Record set >>
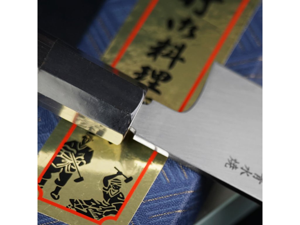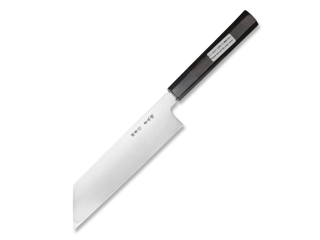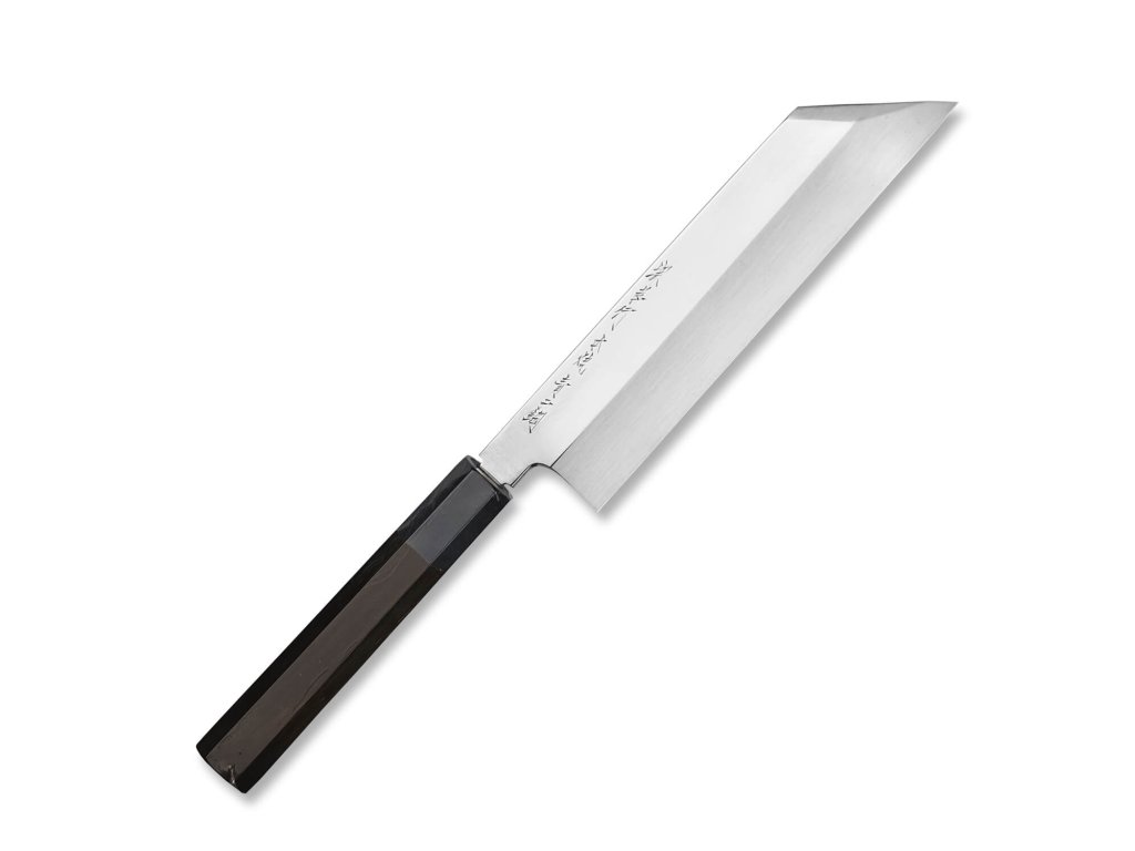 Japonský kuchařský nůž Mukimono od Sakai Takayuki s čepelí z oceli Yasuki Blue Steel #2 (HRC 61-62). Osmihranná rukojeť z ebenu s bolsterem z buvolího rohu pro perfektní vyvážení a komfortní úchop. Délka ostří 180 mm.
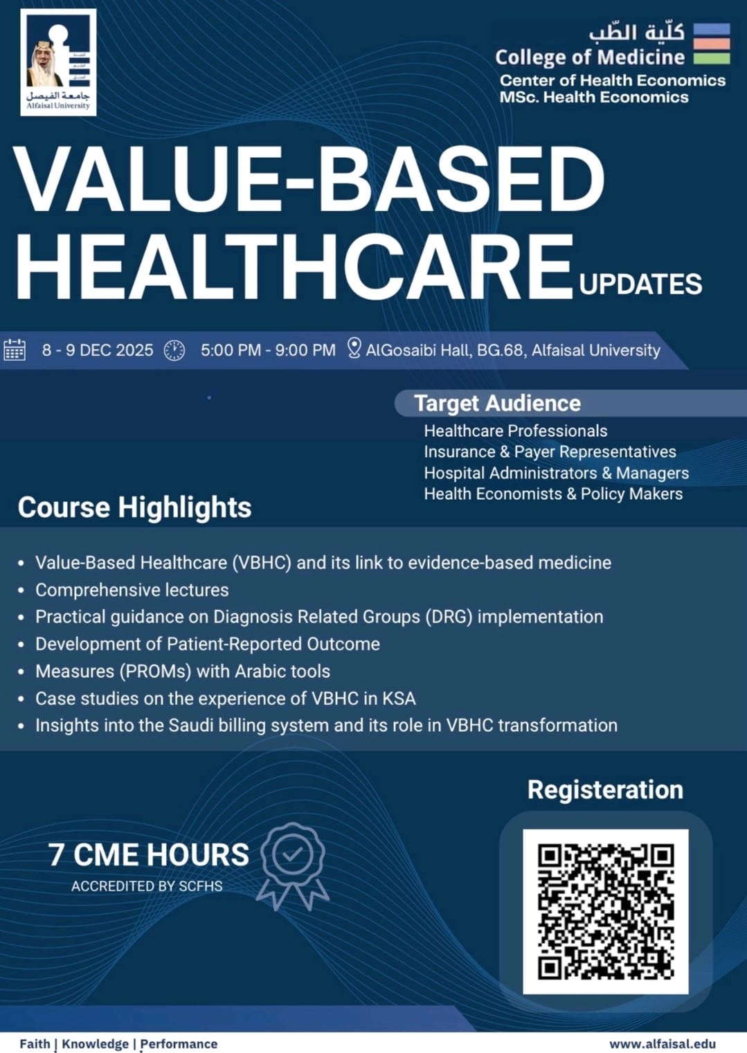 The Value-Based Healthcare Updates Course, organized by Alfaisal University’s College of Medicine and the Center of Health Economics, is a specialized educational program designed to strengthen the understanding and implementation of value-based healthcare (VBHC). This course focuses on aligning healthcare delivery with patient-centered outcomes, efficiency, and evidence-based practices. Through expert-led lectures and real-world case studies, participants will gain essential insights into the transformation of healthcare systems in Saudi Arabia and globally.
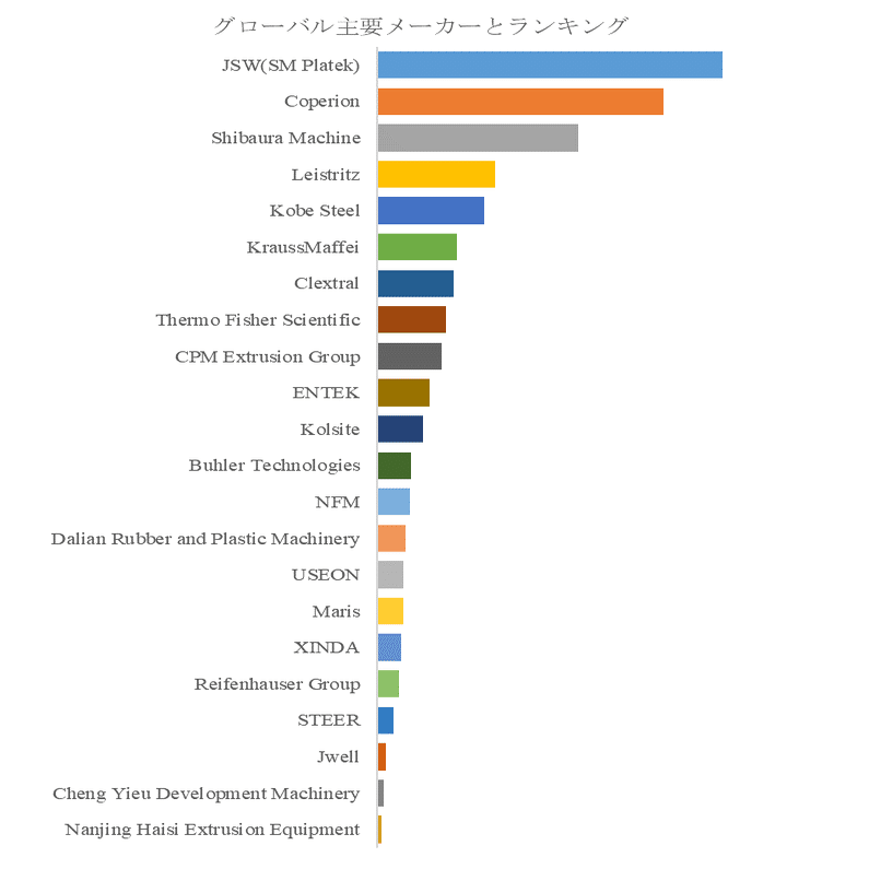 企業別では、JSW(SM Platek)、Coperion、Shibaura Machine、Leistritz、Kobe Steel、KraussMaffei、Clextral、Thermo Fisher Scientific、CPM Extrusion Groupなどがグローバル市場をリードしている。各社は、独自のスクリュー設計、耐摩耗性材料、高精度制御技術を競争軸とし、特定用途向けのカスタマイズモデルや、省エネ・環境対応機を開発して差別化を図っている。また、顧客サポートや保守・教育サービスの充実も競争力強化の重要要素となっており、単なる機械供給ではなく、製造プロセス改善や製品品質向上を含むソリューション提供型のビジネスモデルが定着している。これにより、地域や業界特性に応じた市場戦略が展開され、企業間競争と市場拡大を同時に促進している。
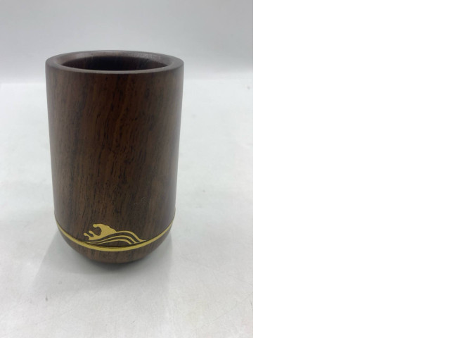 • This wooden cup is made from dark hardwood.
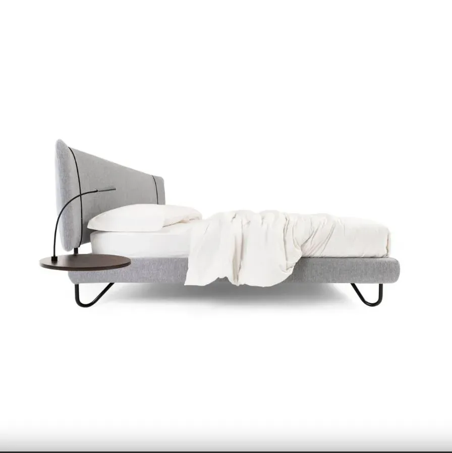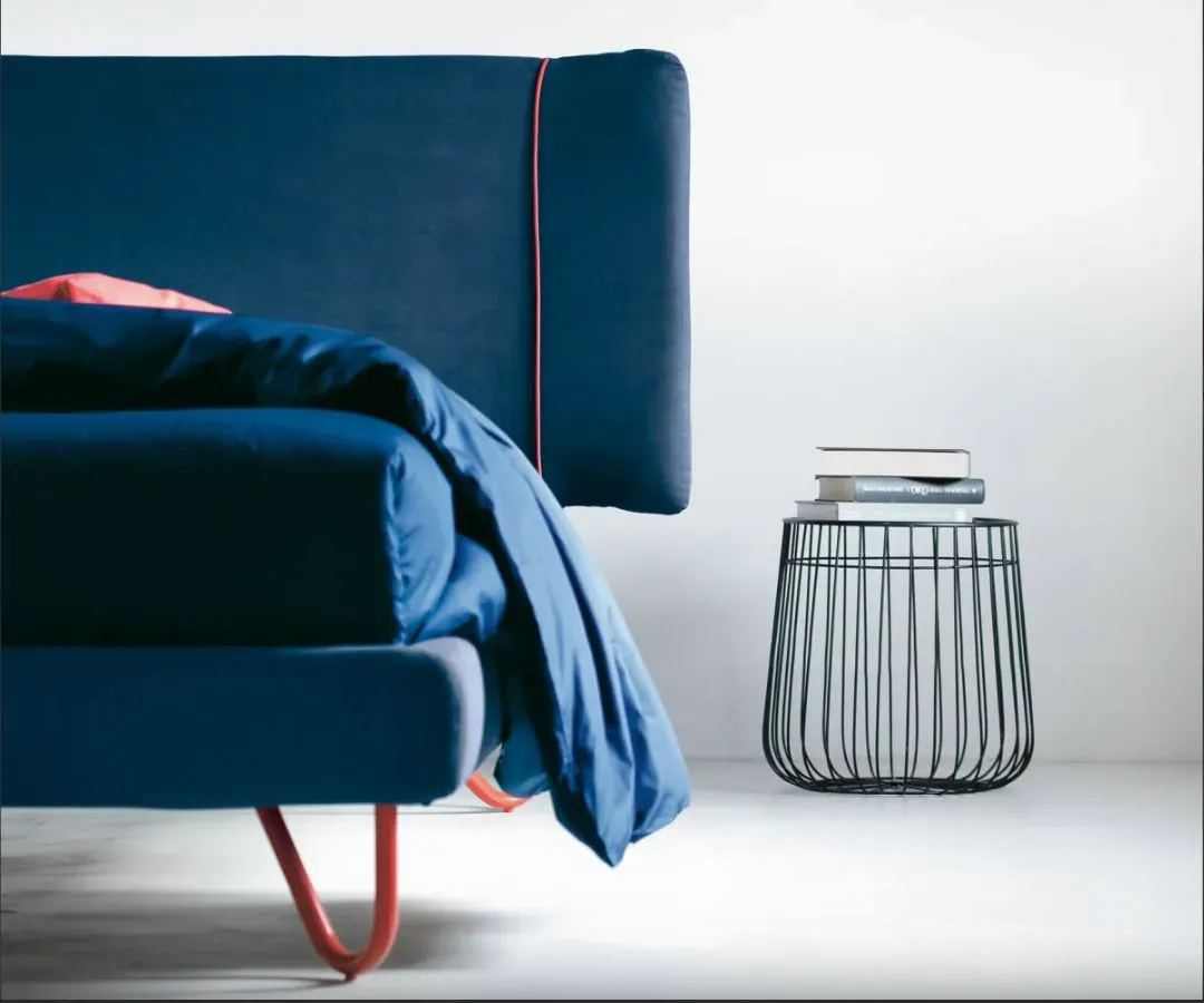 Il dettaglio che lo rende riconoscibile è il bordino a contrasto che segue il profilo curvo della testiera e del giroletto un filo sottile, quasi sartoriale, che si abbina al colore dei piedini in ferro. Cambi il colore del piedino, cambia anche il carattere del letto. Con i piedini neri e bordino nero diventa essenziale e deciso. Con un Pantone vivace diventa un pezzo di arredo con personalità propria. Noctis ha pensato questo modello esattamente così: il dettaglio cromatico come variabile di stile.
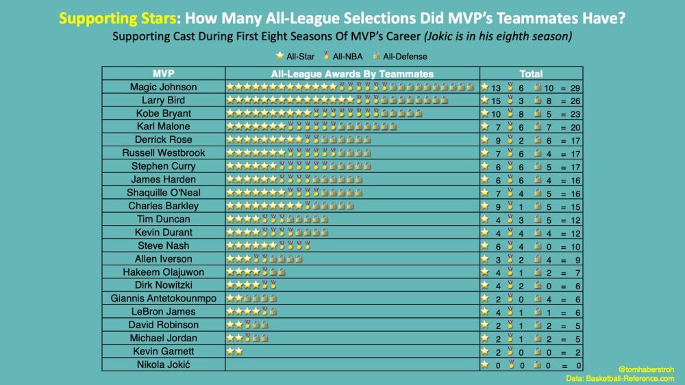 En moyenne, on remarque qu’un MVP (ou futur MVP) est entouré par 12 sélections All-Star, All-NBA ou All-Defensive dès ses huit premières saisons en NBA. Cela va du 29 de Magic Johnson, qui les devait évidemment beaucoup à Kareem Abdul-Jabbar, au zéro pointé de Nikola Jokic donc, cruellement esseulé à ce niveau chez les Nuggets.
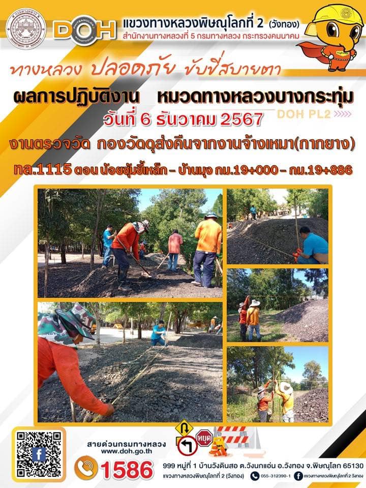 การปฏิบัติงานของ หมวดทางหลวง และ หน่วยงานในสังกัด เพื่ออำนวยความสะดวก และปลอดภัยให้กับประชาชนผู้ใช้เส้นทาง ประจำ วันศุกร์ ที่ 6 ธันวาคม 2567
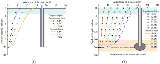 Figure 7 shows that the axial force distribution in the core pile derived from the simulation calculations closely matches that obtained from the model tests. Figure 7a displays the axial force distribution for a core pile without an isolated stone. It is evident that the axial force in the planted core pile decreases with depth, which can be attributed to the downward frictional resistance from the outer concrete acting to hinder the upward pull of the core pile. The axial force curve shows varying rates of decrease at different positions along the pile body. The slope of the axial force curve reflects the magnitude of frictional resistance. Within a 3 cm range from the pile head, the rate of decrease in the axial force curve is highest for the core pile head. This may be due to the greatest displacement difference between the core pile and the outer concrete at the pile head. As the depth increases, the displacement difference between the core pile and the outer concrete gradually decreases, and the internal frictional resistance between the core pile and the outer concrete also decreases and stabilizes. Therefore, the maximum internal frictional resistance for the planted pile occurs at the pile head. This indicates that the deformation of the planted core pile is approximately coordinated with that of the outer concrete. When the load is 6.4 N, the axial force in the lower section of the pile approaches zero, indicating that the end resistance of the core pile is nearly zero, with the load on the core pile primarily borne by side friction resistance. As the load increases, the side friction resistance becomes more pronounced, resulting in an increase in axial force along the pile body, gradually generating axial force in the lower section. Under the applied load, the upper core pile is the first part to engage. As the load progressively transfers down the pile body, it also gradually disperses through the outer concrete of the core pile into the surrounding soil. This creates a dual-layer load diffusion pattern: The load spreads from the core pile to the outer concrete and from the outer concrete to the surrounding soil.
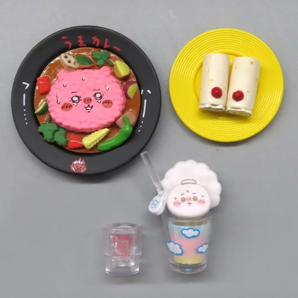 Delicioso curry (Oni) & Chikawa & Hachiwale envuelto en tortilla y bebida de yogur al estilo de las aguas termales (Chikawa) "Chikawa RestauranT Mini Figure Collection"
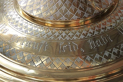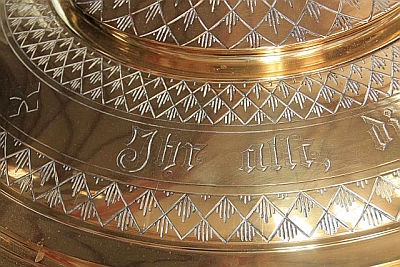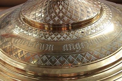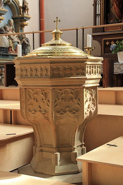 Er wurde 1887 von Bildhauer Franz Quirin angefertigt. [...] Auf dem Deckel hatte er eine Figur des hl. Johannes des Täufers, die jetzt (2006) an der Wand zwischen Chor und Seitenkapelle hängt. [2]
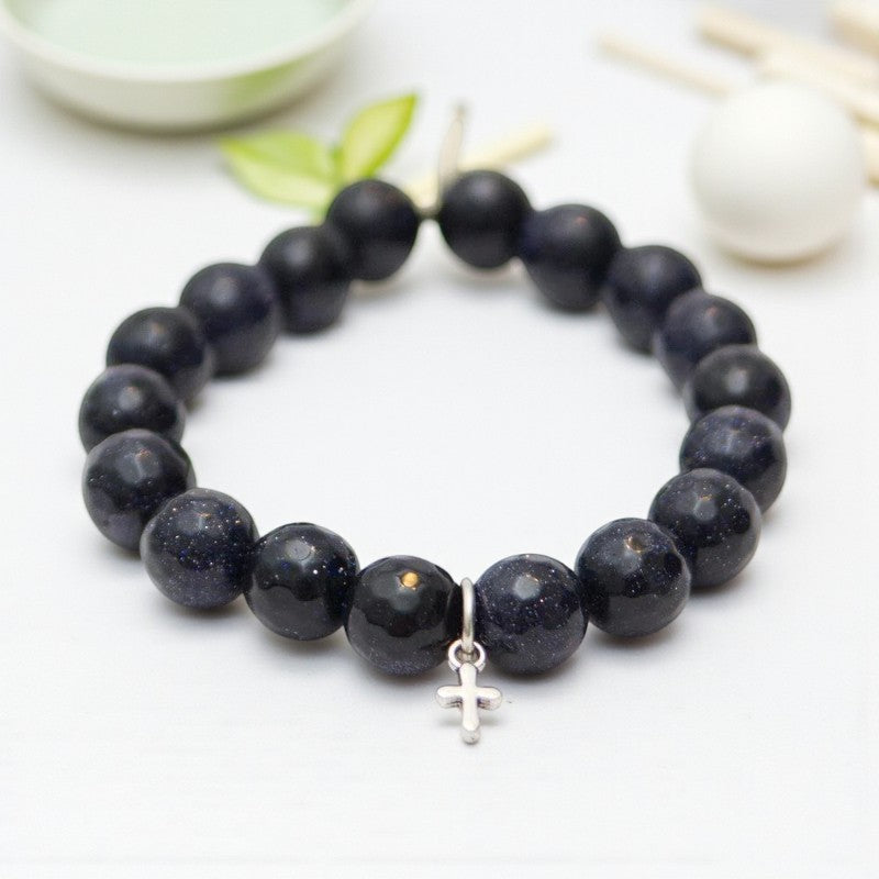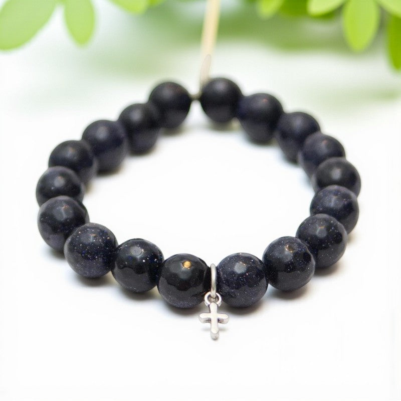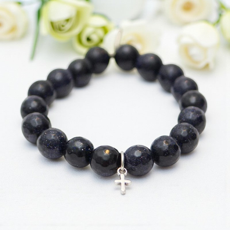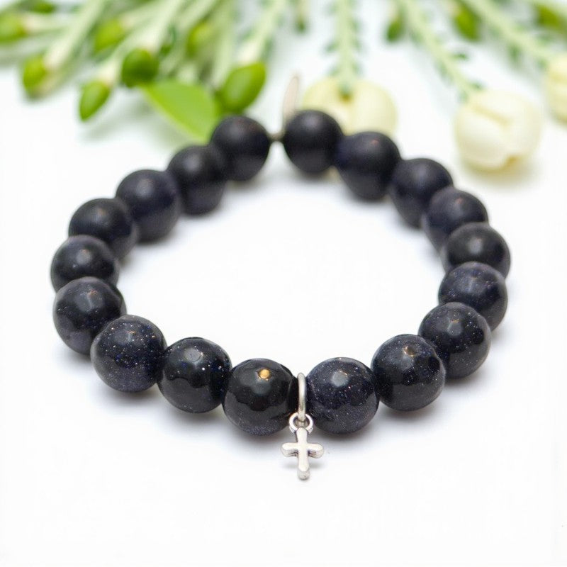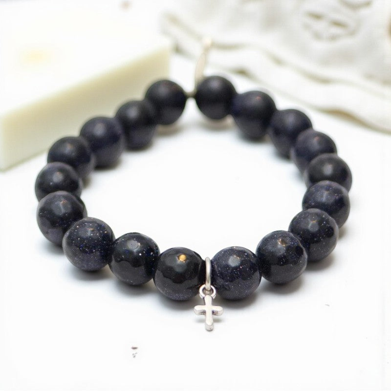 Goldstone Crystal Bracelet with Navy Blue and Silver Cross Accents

What is required >> Pictures do not go in the copy; print every entry exactly as it stands.

Final answer >>
 Japonský kuchařský nůž Mukimono od Sakai Takayuki s čepelí z oceli Yasuki Blue Steel #2 (HRC 61-62). Osmihranná rukojeť z ebenu s bolsterem z buvolího rohu pro perfektní vyvážení a komfortní úchop. Délka ostří 180 mm.
 The Value-Based Healthcare Updates Course, organized by Alfaisal University’s College of Medicine and the Center of Health Economics, is a specialized educational program designed to strengthen the understanding and implementation of value-based healthcare (VBHC). This course focuses on aligning healthcare delivery with patient-centered outcomes, efficiency, and evidence-based practices. Through expert-led lectures and real-world case studies, participants will gain essential insights into the transformation of healthcare systems in Saudi Arabia and globally.
 企業別では、JSW(SM Platek)、Coperion、Shibaura Machine、Leistritz、Kobe Steel、KraussMaffei、Clextral、Thermo Fisher Scientific、CPM Extrusion Groupなどがグローバル市場をリードしている。各社は、独自のスクリュー設計、耐摩耗性材料、高精度制御技術を競争軸とし、特定用途向けのカスタマイズモデルや、省エネ・環境対応機を開発して差別化を図っている。また、顧客サポートや保守・教育サービスの充実も競争力強化の重要要素となっており、単なる機械供給ではなく、製造プロセス改善や製品品質向上を含むソリューション提供型のビジネスモデルが定着している。これにより、地域や業界特性に応じた市場戦略が展開され、企業間競争と市場拡大を同時に促進している。
 • This wooden cup is made from dark hardwood.
 Il dettaglio che lo rende riconoscibile è il bordino a contrasto che segue il profilo curvo della testiera e del giroletto un filo sottile, quasi sartoriale, che si abbina al colore dei piedini in ferro. Cambi il colore del piedino, cambia anche il carattere del letto. Con i piedini neri e bordino nero diventa essenziale e deciso. Con un Pantone vivace diventa un pezzo di arredo con personalità propria. Noctis ha pensato questo modello esattamente così: il dettaglio cromatico come variabile di stile.
 En moyenne, on remarque qu’un MVP (ou futur MVP) est entouré par 12 sélections All-Star, All-NBA ou All-Defensive dès ses huit premières saisons en NBA. Cela va du 29 de Magic Johnson, qui les devait évidemment beaucoup à Kareem Abdul-Jabbar, au zéro pointé de Nikola Jokic donc, cruellement esseulé à ce niveau chez les Nuggets.
 การปฏิบัติงานของ หมวดทางหลวง และ หน่วยงานในสังกัด เพื่ออำนวยความสะดวก และปลอดภัยให้กับประชาชนผู้ใช้เส้นทาง ประจำ วันศุกร์ ที่ 6 ธันวาคม 2567
 Figure 7 shows that the axial force distribution in the core pile derived from the simulation calculations closely matches that obtained from the model tests. Figure 7a displays the axial force distribution for a core pile without an isolated stone. It is evident that the axial force in the planted core pile decreases with depth, which can be attributed to the downward frictional resistance from the outer concrete acting to hinder the upward pull of the core pile. The axial force curve shows varying rates of decrease at different positions along the pile body. The slope of the axial force curve reflects the magnitude of frictional resistance. Within a 3 cm range from the pile head, the rate of decrease in the axial force curve is highest for the core pile head. This may be due to the greatest displacement difference between the core pile and the outer concrete at the pile head. As the depth increases, the displacement difference between the core pile and the outer concrete gradually decreases, and the internal frictional resistance between the core pile and the outer concrete also decreases and stabilizes. Therefore, the maximum internal frictional resistance for the planted pile occurs at the pile head. This indicates that the deformation of the planted core pile is approximately coordinated with that of the outer concrete. When the load is 6.4 N, the axial force in the lower section of the pile approaches zero, indicating that the end resistance of the core pile is nearly zero, with the load on the core pile primarily borne by side friction resistance. As the load increases, the side friction resistance becomes more pronounced, resulting in an increase in axial force along the pile body, gradually generating axial force in the lower section. Under the applied load, the upper core pile is the first part to engage. As the load progressively transfers down the pile body, it also gradually disperses through the outer concrete of the core pile into the surrounding soil. This creates a dual-layer load diffusion pattern: The load spreads from the core pile to the outer concrete and from the outer concrete to the surrounding soil.
 Delicioso curry (Oni) & Chikawa & Hachiwale envuelto en tortilla y bebida de yogur al estilo de las aguas termales (Chikawa) "Chikawa RestauranT Mini Figure Collection"
 Er wurde 1887 von Bildhauer Franz Quirin angefertigt. [...] Auf dem Deckel hatte er eine Figur des hl. Johannes des Täufers, die jetzt (2006) an der Wand zwischen Chor und Seitenkapelle hängt. [2]
 Goldstone Crystal Bracelet with Navy Blue and Silver Cross Accents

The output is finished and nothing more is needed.